# [Directions]
Please copy the data exactly as it stands, minus the images.

# [Data section]
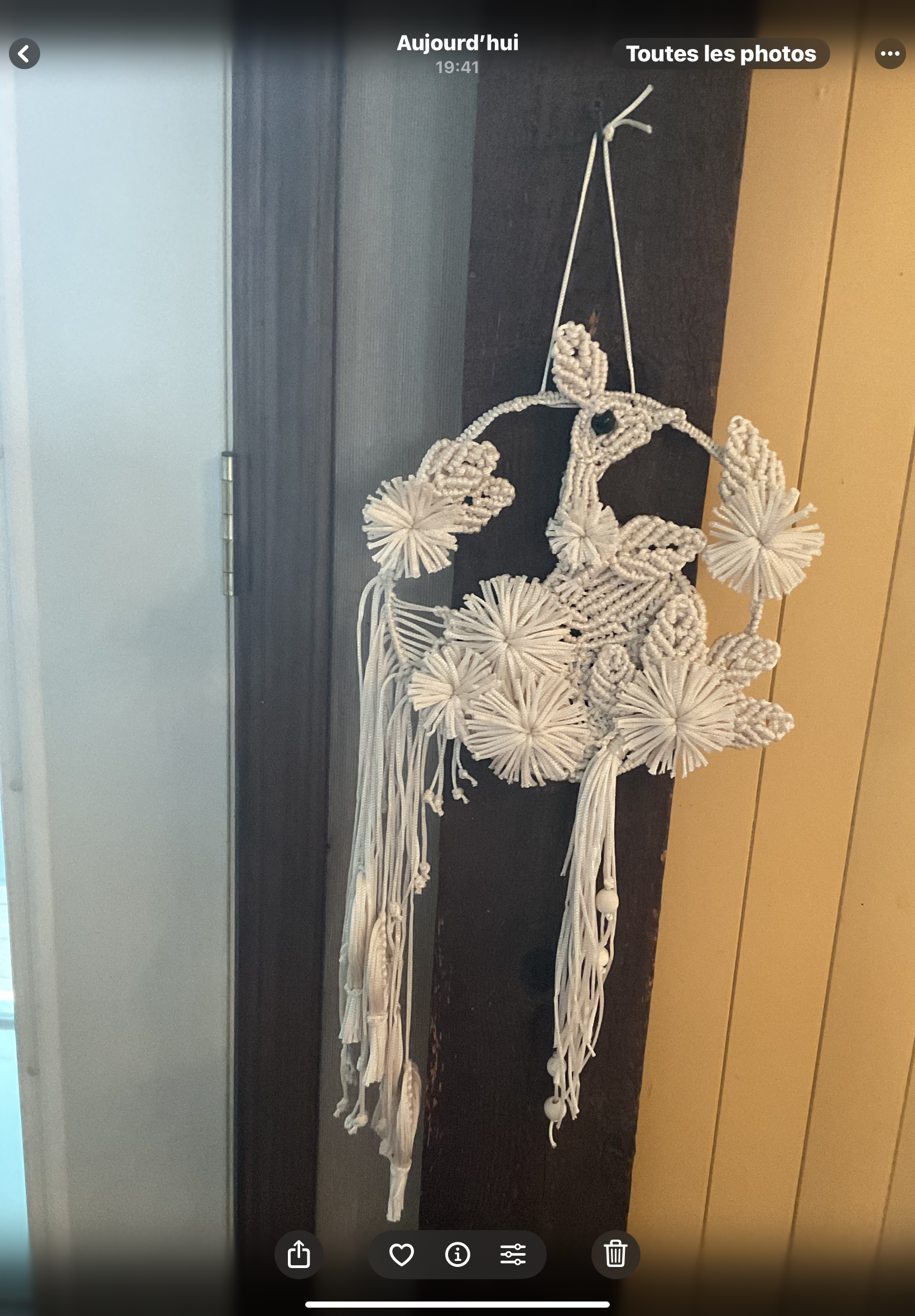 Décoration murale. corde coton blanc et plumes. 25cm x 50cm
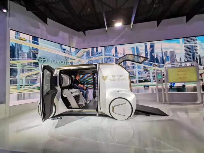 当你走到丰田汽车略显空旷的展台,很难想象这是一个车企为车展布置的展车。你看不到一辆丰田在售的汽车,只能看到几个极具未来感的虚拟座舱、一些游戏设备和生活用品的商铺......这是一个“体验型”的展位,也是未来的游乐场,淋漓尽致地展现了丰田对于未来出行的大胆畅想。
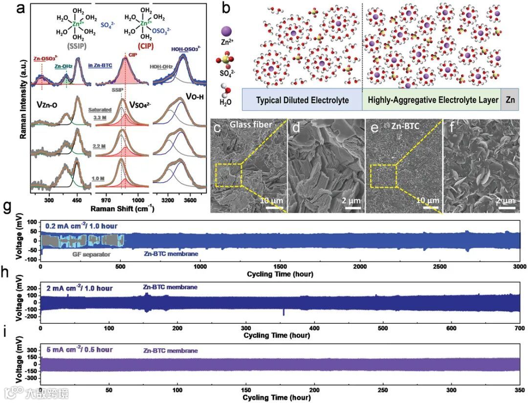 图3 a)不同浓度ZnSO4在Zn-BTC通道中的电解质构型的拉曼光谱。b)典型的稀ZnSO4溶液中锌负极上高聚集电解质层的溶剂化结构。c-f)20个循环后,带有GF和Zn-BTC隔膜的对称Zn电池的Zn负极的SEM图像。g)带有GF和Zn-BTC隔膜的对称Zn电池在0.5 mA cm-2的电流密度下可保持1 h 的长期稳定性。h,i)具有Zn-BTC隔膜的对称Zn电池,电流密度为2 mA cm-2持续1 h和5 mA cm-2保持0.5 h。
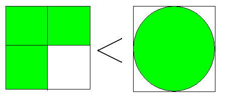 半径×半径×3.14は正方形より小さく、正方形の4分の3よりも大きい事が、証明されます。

# [Answer for this exercise]
 Décoration murale. corde coton blanc et plumes. 25cm x 50cm
 当你走到丰田汽车略显空旷的展台,很难想象这是一个车企为车展布置的展车。你看不到一辆丰田在售的汽车,只能看到几个极具未来感的虚拟座舱、一些游戏设备和生活用品的商铺......这是一个“体验型”的展位,也是未来的游乐场,淋漓尽致地展现了丰田对于未来出行的大胆畅想。
 图3 a)不同浓度ZnSO4在Zn-BTC通道中的电解质构型的拉曼光谱。b)典型的稀ZnSO4溶液中锌负极上高聚集电解质层的溶剂化结构。c-f)20个循环后,带有GF和Zn-BTC隔膜的对称Zn电池的Zn负极的SEM图像。g)带有GF和Zn-BTC隔膜的对称Zn电池在0.5 mA cm-2的电流密度下可保持1 h 的长期稳定性。h,i)具有Zn-BTC隔膜的对称Zn电池,电流密度为2 mA cm-2持续1 h和5 mA cm-2保持0.5 h。
 半径×半径×3.14は正方形より小さく、正方形の4分の3よりも大きい事が、証明されます。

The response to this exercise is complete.